BEGIN
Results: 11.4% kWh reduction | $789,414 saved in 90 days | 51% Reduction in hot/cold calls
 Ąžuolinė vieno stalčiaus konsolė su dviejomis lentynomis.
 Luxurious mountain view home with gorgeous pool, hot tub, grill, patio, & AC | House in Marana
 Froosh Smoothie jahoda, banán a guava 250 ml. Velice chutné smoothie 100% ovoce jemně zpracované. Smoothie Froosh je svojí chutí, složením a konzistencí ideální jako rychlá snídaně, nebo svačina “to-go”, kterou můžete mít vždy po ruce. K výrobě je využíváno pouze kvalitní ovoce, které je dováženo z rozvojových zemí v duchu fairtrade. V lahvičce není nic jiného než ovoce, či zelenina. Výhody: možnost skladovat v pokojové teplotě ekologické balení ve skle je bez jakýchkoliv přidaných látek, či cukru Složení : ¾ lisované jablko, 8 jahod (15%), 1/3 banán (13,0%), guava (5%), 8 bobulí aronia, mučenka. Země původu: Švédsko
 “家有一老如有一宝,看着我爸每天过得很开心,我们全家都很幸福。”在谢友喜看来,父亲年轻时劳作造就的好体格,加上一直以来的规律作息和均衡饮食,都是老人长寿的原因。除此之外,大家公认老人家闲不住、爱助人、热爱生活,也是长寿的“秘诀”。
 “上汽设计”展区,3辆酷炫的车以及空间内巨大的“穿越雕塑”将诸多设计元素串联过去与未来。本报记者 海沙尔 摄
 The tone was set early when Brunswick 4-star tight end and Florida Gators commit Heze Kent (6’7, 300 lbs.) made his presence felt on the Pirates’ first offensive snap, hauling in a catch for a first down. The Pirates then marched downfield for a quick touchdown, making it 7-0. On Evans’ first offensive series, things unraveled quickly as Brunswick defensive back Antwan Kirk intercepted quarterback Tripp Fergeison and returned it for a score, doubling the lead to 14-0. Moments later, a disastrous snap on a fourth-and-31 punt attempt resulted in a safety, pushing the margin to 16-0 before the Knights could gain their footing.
END
Your instructions: Only the lines from the start of the material through the line containing "Luxurious mountain view" should be repeated, and they should be repeated exactly.

Written answer:
Results: 11.4% kWh reduction | $789,414 saved in 90 days | 51% Reduction in hot/cold calls
 Ąžuolinė vieno stalčiaus konsolė su dviejomis lentynomis.
 Luxurious mountain view home with gorgeous pool, hot tub, grill, patio, & AC | House in Marana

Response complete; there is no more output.